(Extracted data entries)
* * * *
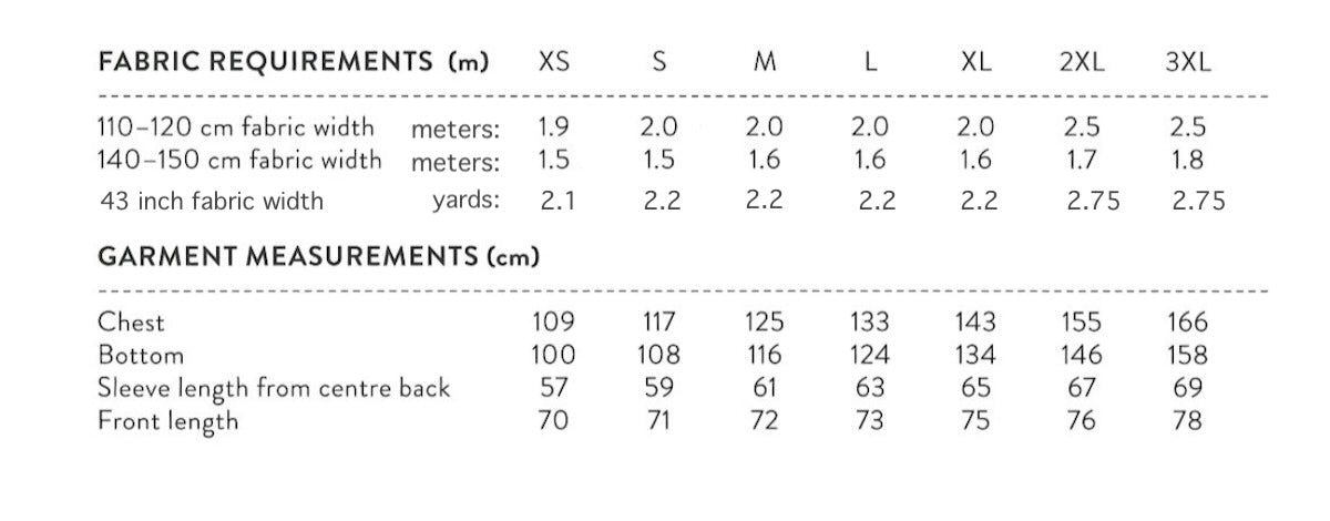 - Pattern sizes: (XS to L) or (XL to 3XL)
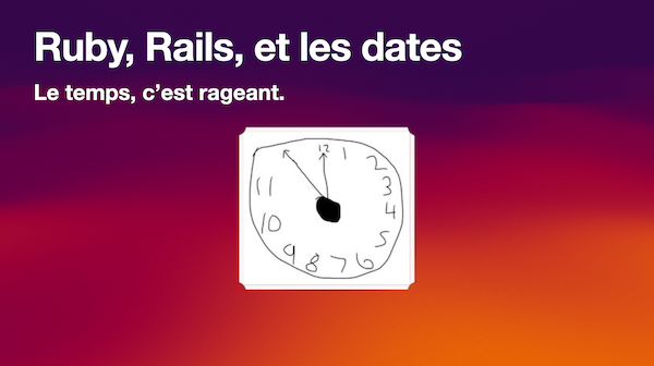 Ayant été victime d’un bug lié à l’heure d’été, j’ai commencé à creuser le sujet. Cette présentation de 20 minutes couvre les bases de la gestion du temps en informatique, avec des exemples de code en Ruby et Rails. Et des memes, on ne se refait pas !
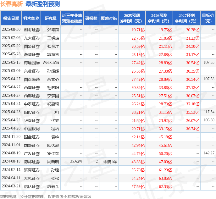 中国银河证券股份有限公司程培,宋丽莹近期对长春高新进行研究并发布了研究报告《长春高新2025半年报点评:新品获批上市,费用率提升致利润短期承压》,给予长春高新买入评级。
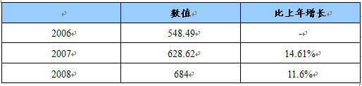 2008年,全国产钢50048.80万吨,同比增长1.13%;生产生铁35988.57万吨,同比增长-0.16%;生产连铸坯48371.61万吨,同比增长1.25%;生产钢材58177.30万吨,同比增长3.56%;生产焦炭82401.11万吨,同比增长20.74%;生产铁矿石82401.11万吨,同比增长20.74%;生产铁合金1824.99万吨,同比增长3.90%。增长速度表明,2008年,全国钢、铁、材、矿的产量持续增长,但增长速度明显减缓。
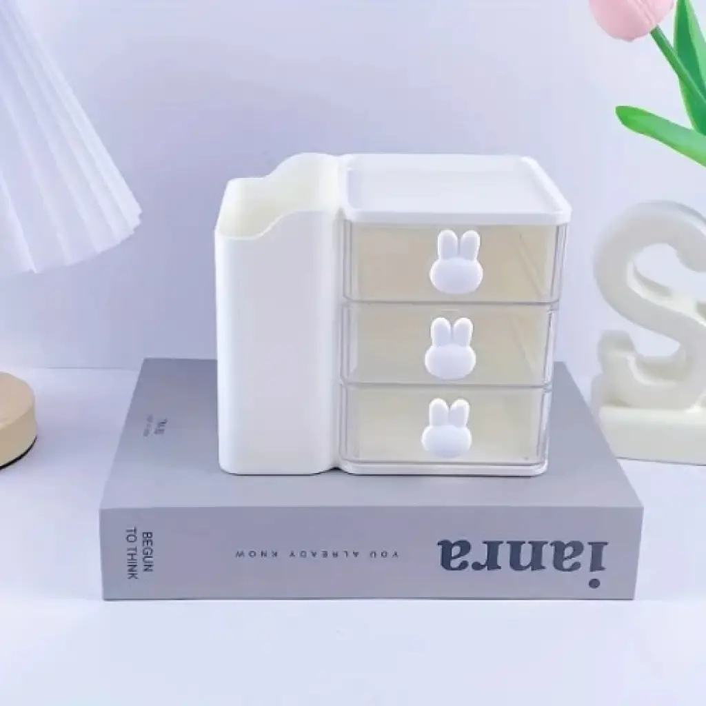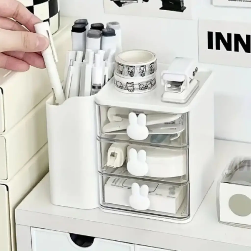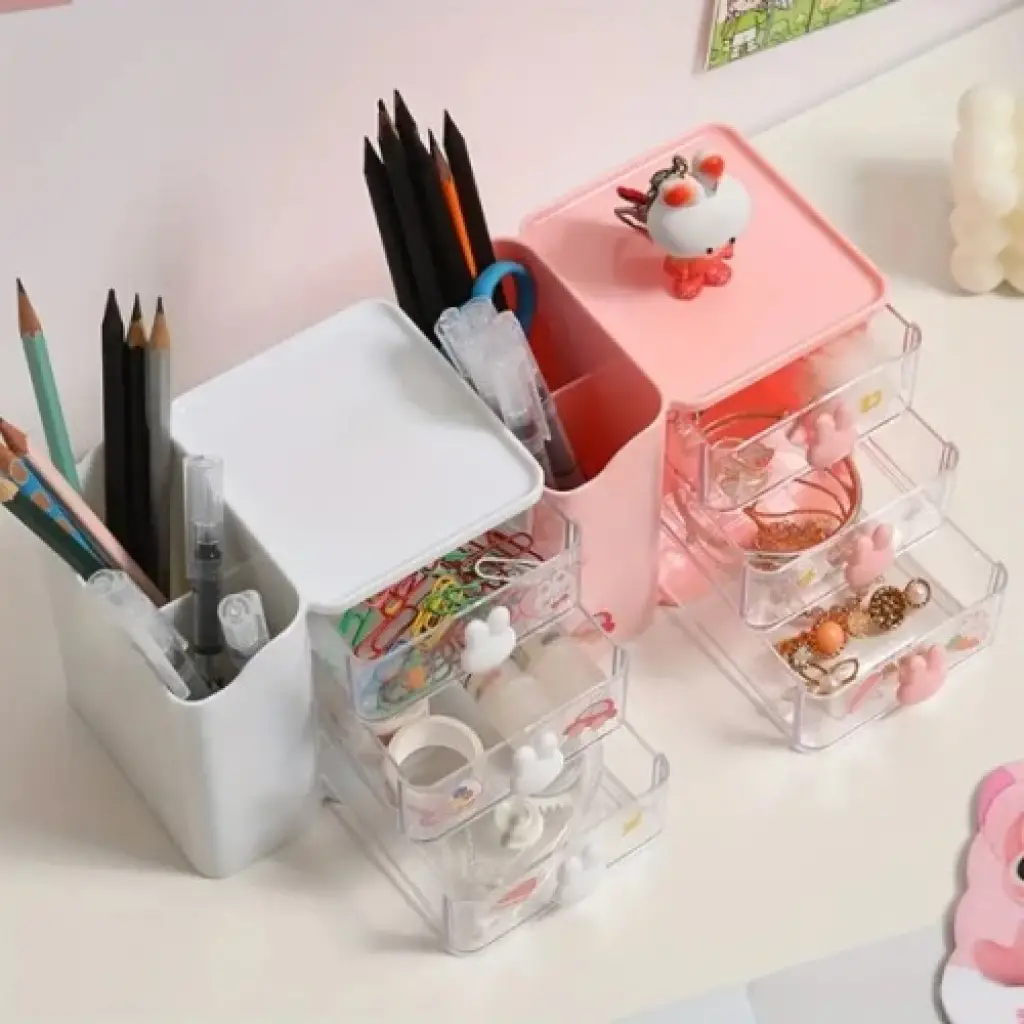ÇOK AMAÇLI ÇEKMECELİ MASAÜSTÜ ORGANIZERÜrün ÖzellikleriÇok amaçlı çekmeceli masaüstü organizer, düzenli bir masa ve pratik bir depolama çözümü sunmak için tasarlanmıştır. Şık ve minimal tasarımıyla hem makyaj malzemeleri, hem takılar hem de kırtasiye ürünlerini düzenli bir şekilde saklamanıza olanak tanır. Makyaj malzemeleri, ruj, fırça, krem kutuları gibi ürünler için ideal bir depolama çözümü olan bu organizer, kalem, bant, ataş ve diğer kırtasiye malzemelerini de düzenli bir şekilde saklamak için uygundur. Şeffaf çekmeceleri sayesinde içindeki malzemeleri kolayca görebilir ve erişebilirsiniz. Tavşan şeklindeki çekmece kulpları ürüne eğlenceli bir dokunuş katar. Yüksek kaliteli dayanıklı plastikten üretilmiş olan organizer, hafif ancak sağlam yapısıyla uzun süreli kullanım sunar. Kompakt tasarımı sayesinde masa üzerinde az yer kaplar ve dar alanlarda rahatlıkla kullanılabilir. Evde, ofiste veya çocuk odasında rahatlıkla kullanılabilir. Masa düzeninizi sağlar ve estetik bir görünüm yaratır. Eşyalarınızı düzenli bir şekilde saklayarak kolay erişim imkanı sunar. Hem yetişkinler hem de çocuklar için kullanışlıdır.Not: Ürün 4 farklı renkte mevcuttur ve stok durumuna göre karışık gönderim yapılmaktadır.Paket İçeriği1 adet Çok Amaçlı Çekmeceli Masaüstü Organizer
* * * *
__What needs to be done__
Reproduce the data above exactly, but only the lines from the one showing "Ayant été victime" through the one showing "2008年,全国产钢5004", with both ends kept and the pictures left out.

__Solved problem__
 Ayant été victime d’un bug lié à l’heure d’été, j’ai commencé à creuser le sujet. Cette présentation de 20 minutes couvre les bases de la gestion du temps en informatique, avec des exemples de code en Ruby et Rails. Et des memes, on ne se refait pas !
 中国银河证券股份有限公司程培,宋丽莹近期对长春高新进行研究并发布了研究报告《长春高新2025半年报点评:新品获批上市,费用率提升致利润短期承压》,给予长春高新买入评级。
 2008年,全国产钢50048.80万吨,同比增长1.13%;生产生铁35988.57万吨,同比增长-0.16%;生产连铸坯48371.61万吨,同比增长1.25%;生产钢材58177.30万吨,同比增长3.56%;生产焦炭82401.11万吨,同比增长20.74%;生产铁矿石82401.11万吨,同比增长20.74%;生产铁合金1824.99万吨,同比增长3.90%。增长速度表明,2008年,全国钢、铁、材、矿的产量持续增长,但增长速度明显减缓。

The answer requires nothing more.